It Takes a Village to Raise Your Vegetables
June 26, 2009
This week’s feature article was written by volunteer Carolyn Hauck.
The farmers at MyFarm believe sustainable agriculture can start in your own backyard—literally. Established just over a year ago, MyFarm is “a decentralized urban farm” or rather a piecemeal farm made up of San Francisco backyards.
The collective acreage those backyards create is not just one big garden, it’s a farm. As Chris Burley, Director of Operations and wearer of many hats, sees it, “a garden in the traditional sense [includes] a gardener who goes back and tends flowers and a couple of vegetables. We’re actually producing food… I wouldn’t call our employees urban gardeners; they’re urban farmers.”
It seems many San Franciscans are eager to be farm owners. In just over a year, MyFarm has grown to approximately 80 owner/supporters and 70 CSA members strong. Here’s how it works: As an owner/supporter offers a plot of land for farming. Then MyFarm assesses their backyard — including testing soil toxicity levels — to make sure it’s a good fit. After the evaluation, the yard owner pays the initial cost for the farm installation and MyFarm handles the maintenance thereafter cost-free. As an owner/supporter, you’ll also enjoy a weekly box of vegetables at a sliding-scale discounted rate, based on how much your backyard yields — usually around 2 ½ to 3 ½ boxes per week. As a CSA member, you receive a weekly box of fresh vegetables as you would with any other CSA, with the added benefit of picking up your box at the house where your veggies were grown!

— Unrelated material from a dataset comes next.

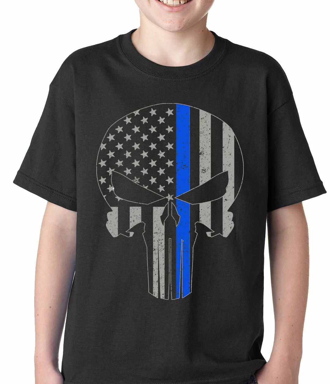 Bewild Police Thin Blue Line Skull American Flag – Support Police Department Kids T-shirt Say It Loud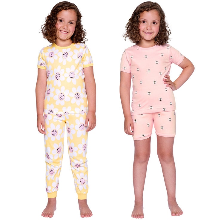 - Each pack contains two piece cotton pyjama set with short sleeve top and bottoms with ribbed cuffs and two cotton pyjama set with short sleeve top and shorts

In addition to growing food, the folks at MyFarm hope to grow communities that produce food for one another. As Chris says, “Right now, each one of the owners knows the people they’re growing for.” The hope is that city dwellers can begin to see themselves as real farmers, too. Chris continues, “Everyone looks outside of an urban landscape to produce food, no one looks in their own backyards. And when you start talking about sustainability at a truly global level, you have to start looking at where is your circle of influence, where is your circle of potential action?”
Of course, tending farms and creating real, balanced communities in San Francisco comes with challenges. For starters, not many S.F. residents own their own homes, let alone homes with spacious yards. And many of those who would most benefit from easy access to healthy local food are renters. But the farmers at MyFarm like to view challenges like this as opportunities. Currently they’re investigating various ways to involve volunteers at a grassroots level and are looking into land-share possibilities — making urban farming accessible to everyone.
Then there are the 17 different microclimates in San Francisco, and the microclimates within microclimates. Our mild climate and foggy summers pose a number of challenges, but there are some varieties of greens that grow well here year-round. Interestingly, Chris notes that not all food needs direct sunlight to grow. “Light reflecting off a window can completely change [how well] something grows in your garden.” he adds. “You may not ever see it, but the light reflecting off your neighbor’s window might be helping your strawberries grow.”
Given their optimism, hard work and a growing interest in what they do (there’s a waiting list for backyard assessments), the people at MyFarm seem well on their way to achieving a goal that might have seemed absurd just five years ago. According to their website, MyFarm envisions having one farm within walking distance of every single citizen by 2010.
Carolyn Hauck is a CUESA volunteer and writer based in Albany, Ca. She hopes to have a backyard farm someday soon.